Question(1):Show that the curve y=x^2-3x-5 passes through the point (5,5),(4,-1),(2,-7),(0,-5) and (-t,5) calculate the gradient at each pont. question(2):given a 5by5 matrices with determinant equal zero and the same determinant of its interior element equals zero question(3):A community yield #200 per annum for 5years.how much does it cost,if the current markrt interest rate is 7%?: pls with explanation
Hey, you have not even showed your attempt. I am sure you can do the first part.
You do not say if you know how to take derivatives. What is the second question?

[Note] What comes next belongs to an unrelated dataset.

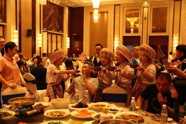 仪式上,群贤毕至,大咖云集,贵州国帅·龟仙洞酒业集团董事长赵宇飞先生、香港步长集团董事·长涛酒业集团总经理胡东辉先生、长涛酒业集团董事陈昶谕先生、贵州洞酿洞藏酒业集团OEM事业部总监张丽红女士,以及简琢控股董事长田绍收先生,美思迪贸易有限公司总经理张荷叶先生等几十位来自全国各地的宾朋齐聚国帅·龟仙洞,以传统礼仪感恩天地、祭拜酒神。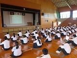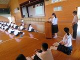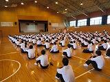 さて、本日午後から3年生は、入試に向けての意識とマナーの向上及び学年全体でまとまっていこうとする意識を高めることを目的としまして、講座を実施しました。講師は、日章学園の先生と生徒6名に来校していただき、高校受験や将来を見据えた生き方や礼法について指導をしていただきました。また、ダンスを通して学年でまとまり高め合っていこうという気持ちをつくることができました。このような機会をきっかけとして自身の進路に向けた計画を真剣に考えていって欲しいものです。

I can battle with qustion (1), but look at 2&3 i don.t even know were to start from pls help
You did not tell me if you have had any calculus. I do not like taking limits to find gradients.
putting in 5 and 4 and 2 and 0 and -t for x
and seeing what y is for each should not be too much for you.
I already passed this course. It is your turn.
Question 1: To show that the curve y = x^2 - 3x - 5 passes through the given points and calculate the gradient at each point, we will substitute the x and y coordinates of each point into the equation and solve for y. The gradient can be calculated by finding the derivative of the function.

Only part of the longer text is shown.